SUPPLIED MATERIAL:
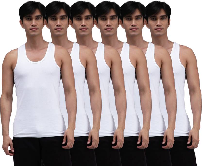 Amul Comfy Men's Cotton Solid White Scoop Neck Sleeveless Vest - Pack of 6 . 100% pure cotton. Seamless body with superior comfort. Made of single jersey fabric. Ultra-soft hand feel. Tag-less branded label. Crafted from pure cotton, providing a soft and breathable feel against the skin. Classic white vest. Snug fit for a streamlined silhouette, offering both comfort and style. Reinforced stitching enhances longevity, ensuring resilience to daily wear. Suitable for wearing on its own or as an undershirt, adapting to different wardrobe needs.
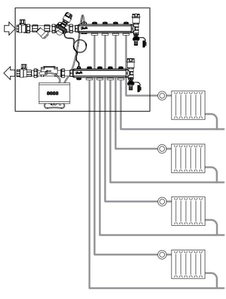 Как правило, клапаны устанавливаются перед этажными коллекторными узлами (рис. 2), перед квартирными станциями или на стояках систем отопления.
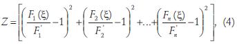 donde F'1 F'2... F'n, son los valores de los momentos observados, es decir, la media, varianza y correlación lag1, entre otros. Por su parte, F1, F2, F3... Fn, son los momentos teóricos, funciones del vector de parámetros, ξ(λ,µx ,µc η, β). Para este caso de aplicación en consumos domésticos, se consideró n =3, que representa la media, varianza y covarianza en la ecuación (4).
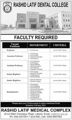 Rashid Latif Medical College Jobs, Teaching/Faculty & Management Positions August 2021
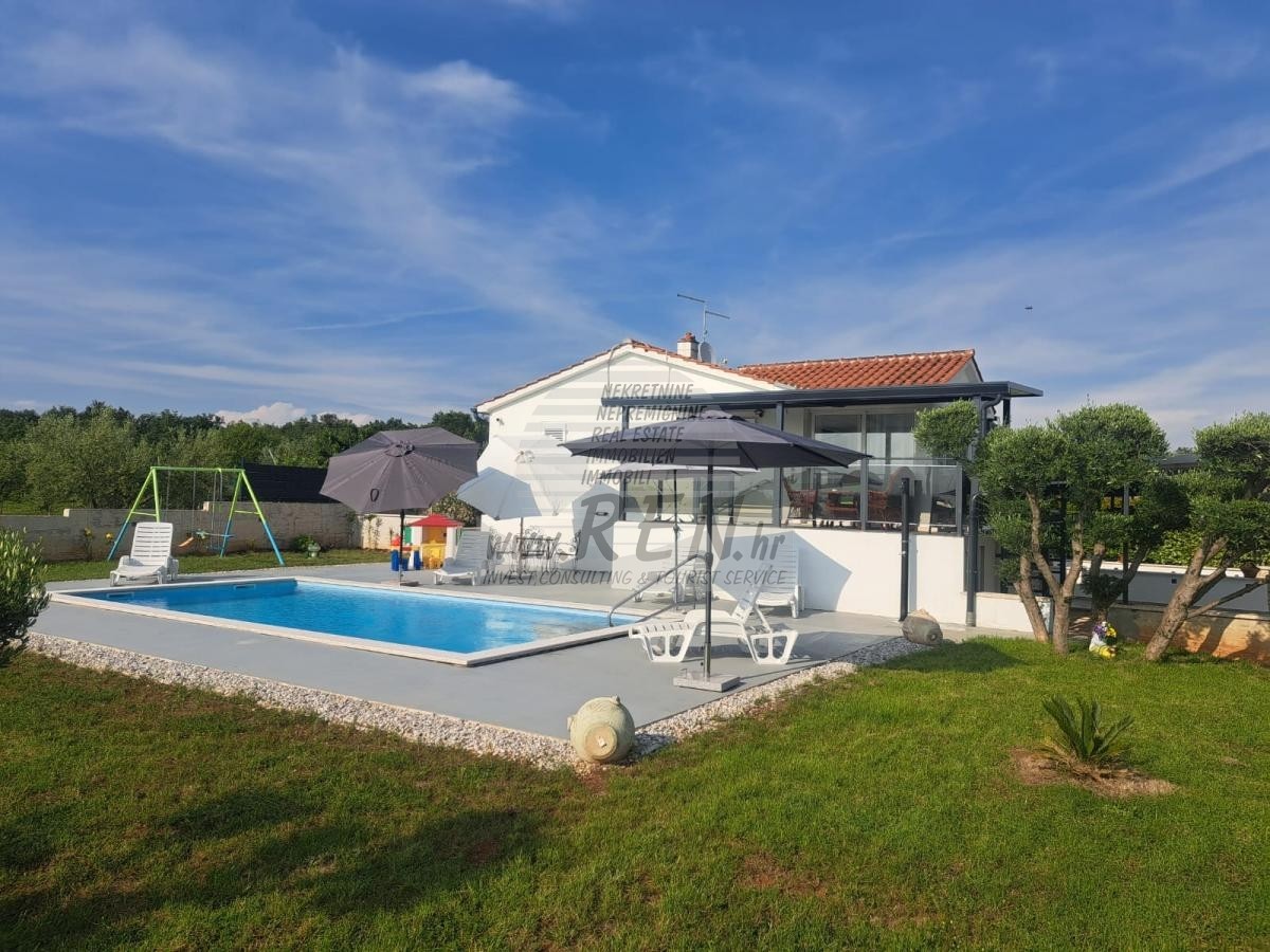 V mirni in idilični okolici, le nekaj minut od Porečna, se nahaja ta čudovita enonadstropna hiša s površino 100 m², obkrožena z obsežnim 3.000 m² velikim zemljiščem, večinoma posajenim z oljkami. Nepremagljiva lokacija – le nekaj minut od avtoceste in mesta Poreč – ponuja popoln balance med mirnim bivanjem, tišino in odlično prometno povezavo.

...

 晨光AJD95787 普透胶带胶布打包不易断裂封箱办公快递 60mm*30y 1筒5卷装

YOUR INSTRUCTIONS: Give again the stretch of the entries above that begins at the line with "Amul Comfy Men's" and ends at the line with "Как правило, клапаны", word for word, with no pictures.

REPLY TO THE TASK:
 Amul Comfy Men's Cotton Solid White Scoop Neck Sleeveless Vest - Pack of 6 . 100% pure cotton. Seamless body with superior comfort. Made of single jersey fabric. Ultra-soft hand feel. Tag-less branded label. Crafted from pure cotton, providing a soft and breathable feel against the skin. Classic white vest. Snug fit for a streamlined silhouette, offering both comfort and style. Reinforced stitching enhances longevity, ensuring resilience to daily wear. Suitable for wearing on its own or as an undershirt, adapting to different wardrobe needs.
 Как правило, клапаны устанавливаются перед этажными коллекторными узлами (рис. 2), перед квартирными станциями или на стояках систем отопления.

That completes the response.